Prime Minister of the Republic of Zaire
- In office November 25, 1991 – August 15, 1992
- President: Mobutu Sese Seko
- Preceded by: Bernardin Mungul Diaka
- Succeeded by: Étienne Tshisekedi

First State Commissioner of the Republic of Zaire
- In office August 27, 1980 – April 18, 1981
- President: Mobutu Sese Seko
- Preceded by: Bo-Boliko Lokonga
- Succeeded by: N'Singa Udjuu

Personal details
- Born: August 4, 1938 Musumba, Lualaba Province, Belgian Congo
- Died: July 27, 2003 (aged 64) Kinshasa, Democratic Republic of the Congo
- Party: MPR (until 1990) UFERI (1990–2003)

= Jean Nguza Karl-i-Bond =

Zairian politician (1938–2003)

Jean Nguza Karl-i-Bond (August 4, 1938 – July 27, 2003) was a prominent Zairian politician.

== Biography ==

=== Early years and career in Zaire===
Born in Musumba, Lualaba District, a member of the Lunda tribe and a nephew of the Katangan leader, Moise Tshombe, Nguza was a pock-marked child who rose rapidly through government posts and gained the favour of President Mobutu Sese Seko.

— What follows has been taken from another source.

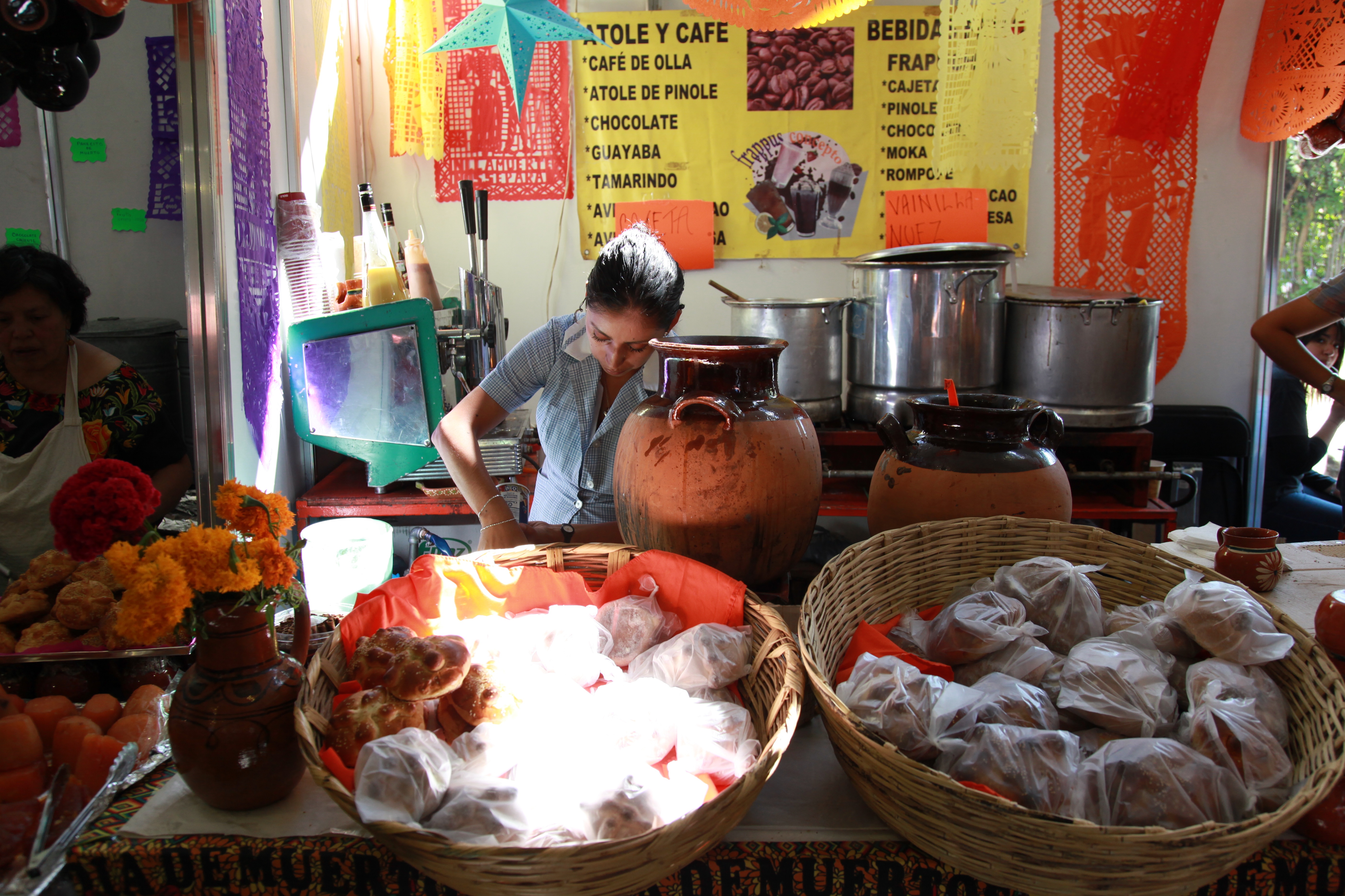 Por alguna razón siempre me ha gustado buscar en el periódico las diferentes ferias culturales y gastronómicas que hay en nuestro país, con el fin de no ir a ninguna. El simple hecho de saber que existe la feria de mole, de los tamales, la de las tortas, la feria del libro en el Zócalo y la de las flores; me da un motivo de esperanza de que algún día asistiré. No se que pasa pero cuando llega el fin de semana, la flojera y el exceso de cansancio se apodera de muchos de nosotros dejándonos inmóviles; este fin de semana fue diferente. Aprovechando el furor de Halloween y Día de Muertos, me tope con la mejor actividad de todas para hacer el fin de semana: comer y comer y beber y beber mucho chocolate y pan de muerto.

Nguza received a master's degree in international relations from the Catholic University of Leuven, Belgium and returned to Zaire to serve as Foreign Minister from 1972 to 1974, and 1976–1977, as well serving as political director of the MPR, the country's only legal political party. Fluent in six African languages as well as English, French, Dutch, and German, Nguza's stature within Zaire and in the international community was such that he was considered a possible successor to Mobutu as President of Zaire.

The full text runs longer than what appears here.